Ruhe höchst unsanft

27.5.2014, 15:15 Uhr
Ruhe höchst unsanft

© Hans-Joachim Winckler

Ein Bestattungsinstitut stellt man sich schattig und trübe vor, mit dicken Vorhängen, Blümchentapete, Kitschbildern, Schutzengeln und Brahmsmusik im Hintergrund. In der Trauerhalle Burger in der Schwabacher Straße ist das Gegenteil der Fall: die Wände sind weiß, Vorhänge fehlen, ebenso die Kitschbilder, und statt getragenen Klängen herrscht zügelloses Schnattern, denn das Publikum ist hochmotiviert.

Immerhin, einige Möbelstücke sind doch unverzichtbar. Auf einem weißen Podest ruht in Schräglage ein Sarg (Eiche, rund 80 Kilo schwer, geschlossen), mit Trockenbukett und Organza garniert. Davor eine Urne — grünes Kleeblatt auf weißem Grund, allerdings vierblättrig — sowie eine Wasserschale, in der brennende Kerzen schwimmen und mittels verströmendem Wachs Inseln und ganze Archipele bilden. Sehr romantisch. Weniger romantisch dräut im Hintergrund die Tür zum Behandlungsraum, der nur fürs Personal reserviert ist. Und für Kunden, die keine Ansprüche mehr stellen.

Der erste Autor ist Alexander Köhl aus Aschaffenburg. Dessen Detektiv ist gar keiner, sondern der Neffe eines privat ermittelnden Onkels, mit dem er denselben Vor- und Nachnamen gemein hat. Der Onkel hat soeben das Zeitliche gesegnet, der Neffe inspiziert die heruntergekommene Hütte, da rückt Kundschaft an: Ein Bestatter beauftragt unseren Helden in Unkenntnis des wahren Berufs, den lange zurückliegenden Tod seines Vaters aufzuklären. Das Geld kann der Hobby-Ermittler dringend gebrauchen. Das also ist „Die Stunde des Löwen“.
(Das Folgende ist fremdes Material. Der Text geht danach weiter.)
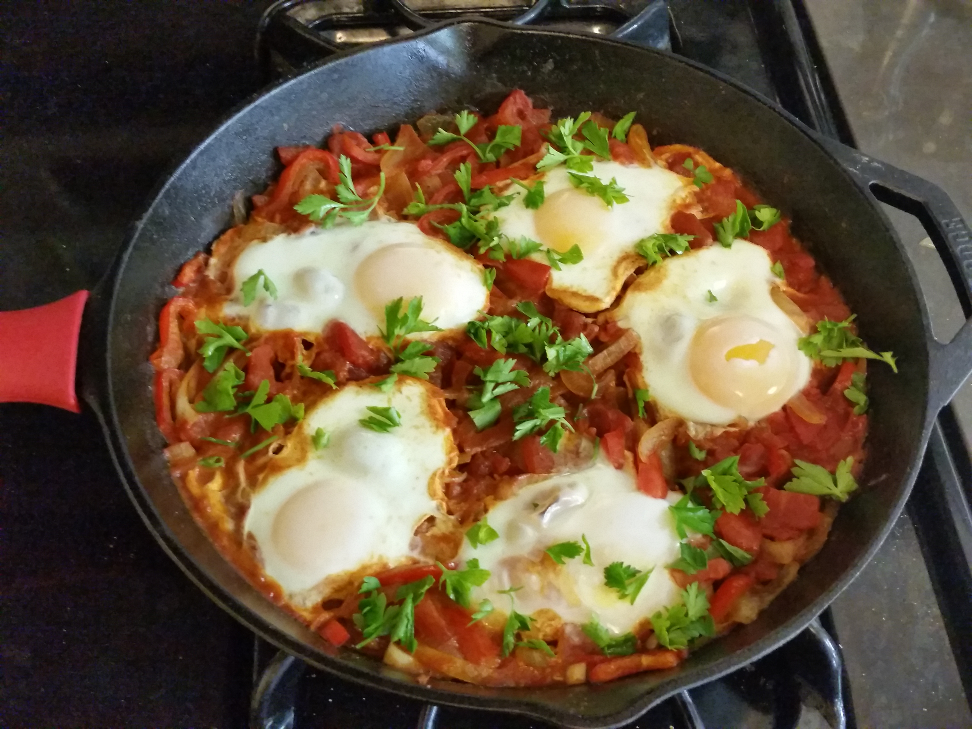 Shakshuka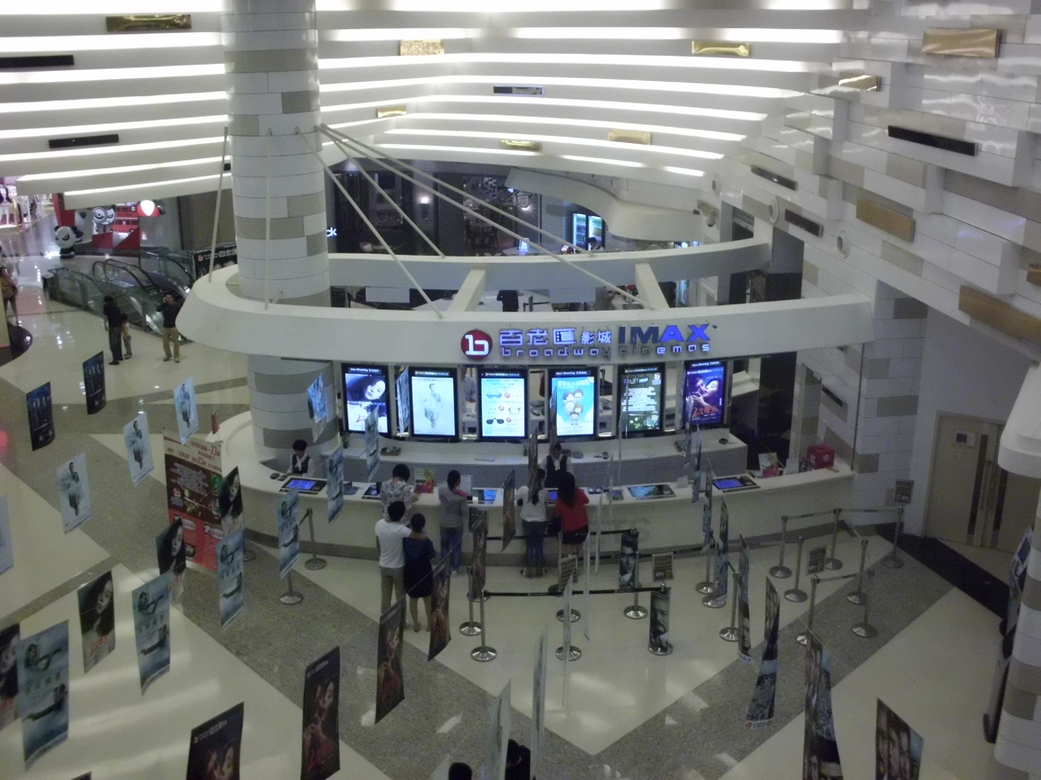 Hangzhou Broadway Cinema

Kommt der Bestatter nicht zum Detektiv, kommt der Detektiv eben zum Bestatter. Bei Ingeborg Struckmeyer, die zusammen mit einer Komplizin unter dem Autorennamen Frida Mey publiziert, sieht eine Ermittlerin beim begrabenden Unternehmen nach dem Rechten, als ein höchst unzufriedener Kunde Rabatz macht und alles kurz und klein schlägt. Zwei Urnen, ein Gipskreuz, eine Totenmaske gehen zu Bruch. Doch auch der Kunde betrachtet alsbald die „Radieschen von unten“, so der Romantitel.

Lautstarke Attacken

Und schließlich gibt es auch den Bestatter als Ermittler. Warum auch nicht, wenn schon Gerichtsmediziner sich derart in die polizeiliche Arbeit einmischen, dass sie den Täter allein mit Skalpell, Pinzette und Knochensäge ermitteln? Sehr schön gestaltet Reiner Sowa den Anfang seines Romans „Ein Bestatter auf der Flucht“, in dem ein Bürgermeister sich bei einer Domina seine sauer verdiente Strafe abholt. Kulturträger und Einrichtungen, die unter Budgetkürzungen leiden, dürften ihre helle Freude daran haben (vielleicht sollte man nächstes Mal andere Räumlichkeiten anmieten?). Auch versteht es Sowa von allen drei Autoren am besten, spannend vorzulesen, und das Publikum mit lautstarken Attacken aufzuschrecken. In diesem Fall will ein Kunde sich gleich an Ort und Stelle aufbahren lassen, und während der Bestatter Selbstmord befürchtet, beschleicht ihn noch ein ganz anderer Verdacht . . .

Von solchen Besuchen ist Johannes Bauer, Geschäftsführer des Bestattungsinstituts Burger, bisher verschont geblieben. Weder hat ihm jemand das Inventar verwüstet, noch hat einer Probe gelegen. „Allerdings muss man als Bestatter hunderte Dinge regeln und eine Beerdigung punktgenau hinkriegen.“ Und neben dem Formular- und Ämterkram, dem Abfassen der Trauerkarten mit all den richtigen Adressen und Uhrzeiten gibt es ja auch noch die hohe Kunst der Restauration. Also die Kunst, den Verblichenen, der vom Hochhaus fiel, unter den Zug geriet oder über die Schrotflinte stolperte, so zu gestalten, dass ihn die Hinterbliebenen wiedererkennen.

Aber das ist ein ganz anderes Kapitel.